- **Provided material**

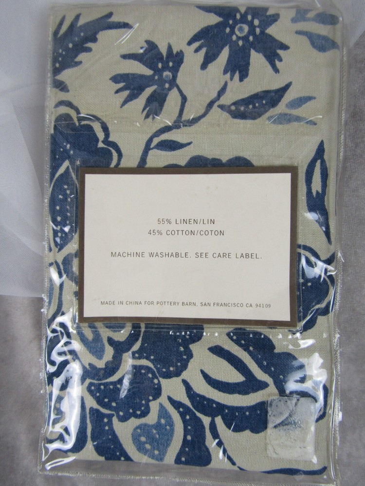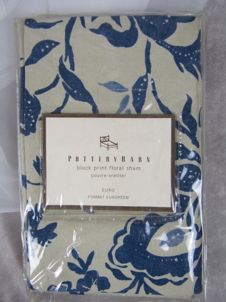 Brand New Pottery Barn Block Print Floral Euro pillow sham- 24.5" square plus 2.5" flange Color mixture's of Blue & Khaki 55% Linen 45% Cotton...
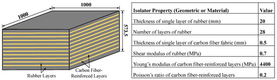 Earthquakes have caused severe devastation worldwide, resulting in huge losses to the ecosystem. The ill-effects of earthquakes are well recognized, and thus, it is of prime importance to investigate innovative means of vibration control of the built infrastructure, in order to make our societies earthquake resilient. Traditionally, base isolation systems (BISs) have proven their efficiency in the seismic vibration control of structures [,,]. A detailed account of the working principles and the different types of BISs is provided in the subsequent section. Amongst BISs, steel-reinforced elastomeric isolator (SREI), also known as laminated rubber bearing, is one of the most commonly used seismic isolators. Although the SREIs are efficient in the seismic isolation of structures, they are costly in terms of fabrication, and also, they are heavy in weight, which makes the installation of SREIs more labor-intensive, apart from the increased transportation costs from fabrication shop to the construction site. Due to these factors, researchers have replaced the steel shims of the conventional steel-reinforced elastomeric isolators with fiber reinforcements, thus giving rise to the fiber-reinforced elastomeric isolators (FREIs) []. Apart from being much lighter in weight, the FREIs can also be utilized without any fixed attachment with the structure, i.e., they can be simply placed between the superstructure and the substructure without any bonding. This feature of the unbonded FREIs (UFREIs) has enhanced its applicability as it further reduces its cost of installation. Also, the unique rollover deformation of the UFREIs makes its force–deformation behavior highly nonlinear; thus, the isolator becomes more flexible with increase in its horizontal displacement. Researchers have studied the various aspects of both bonded and unbonded FREIs using analytical approaches, finite element (FE) modeling, as well as experiments [,,,,,,,,,,,,,]. Van Engelen [] has published a detailed review on most of the research conducted on the FREIs.
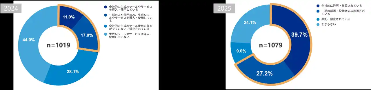 ■「社内で生成AIは導入されていますか?」に対する回答結果( 左図:2024、右図:2025) |
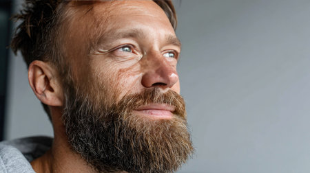 Portrait of a thoughtful bearded man gazing intently with natural light.
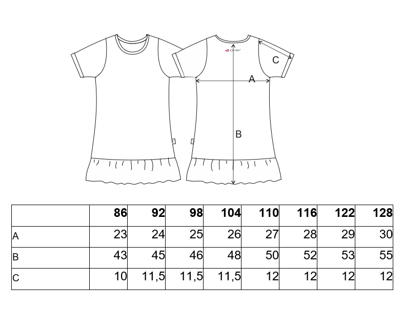 Ve větších velikostech lze nosit jako šatičky. K dostání v různém barevném provedení s módním motivem.
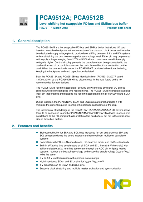 PCA9512A Level shifting hot swappable I2C-bus and SMBus bus buffer
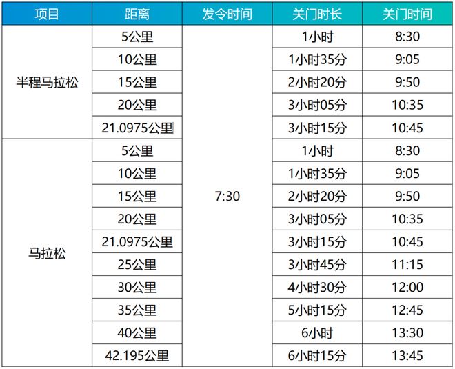 為了保證參賽選手比賽安全、順利,比賽期間比賽路線各段實(shí)行限時(shí)交通封閉,關(guān)門時(shí)間到后,相應(yīng)路段將逐段恢復(fù)開放社會交通。參賽選手在規(guī)定的關(guān)門時(shí)間內(nèi),未跑完對應(yīng)的距離者須立即停止比賽,退出賽道,以免發(fā)生危險(xiǎn)。退出比賽及被關(guān)門的選手可乘坐組委會提供的收容車到終點(diǎn)處,但無法獲得完賽獎(jiǎng)牌及成績證書。
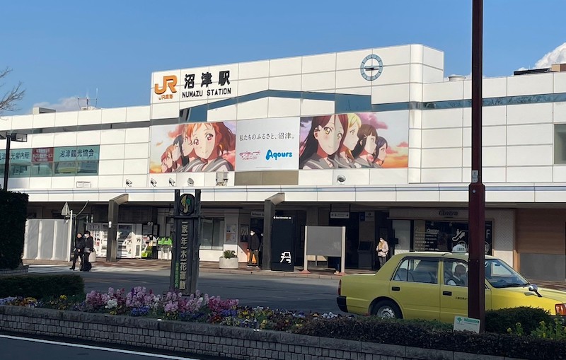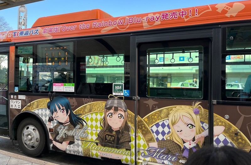 アニメ効果によって沼津の街中はバスのラッピング、駅の看板、コロナ感染対策の呼びかけポスターにまで「ラブライブ!サンシャイン!!」のキャラクターがたくさん使われています。

- **Directions for this task**
Leave the pictures out, then output exactly the lines from the "為了保證參賽選手比賽安全、順" line through the end of the records above, and no others.

- **Your solution**
 為了保證參賽選手比賽安全、順利,比賽期間比賽路線各段實(shí)行限時(shí)交通封閉,關(guān)門時(shí)間到后,相應(yīng)路段將逐段恢復(fù)開放社會交通。參賽選手在規(guī)定的關(guān)門時(shí)間內(nèi),未跑完對應(yīng)的距離者須立即停止比賽,退出賽道,以免發(fā)生危險(xiǎn)。退出比賽及被關(guān)門的選手可乘坐組委會提供的收容車到終點(diǎn)處,但無法獲得完賽獎(jiǎng)牌及成績證書。
 アニメ効果によって沼津の街中はバスのラッピング、駅の看板、コロナ感染対策の呼びかけポスターにまで「ラブライブ!サンシャイン!!」のキャラクターがたくさん使われています。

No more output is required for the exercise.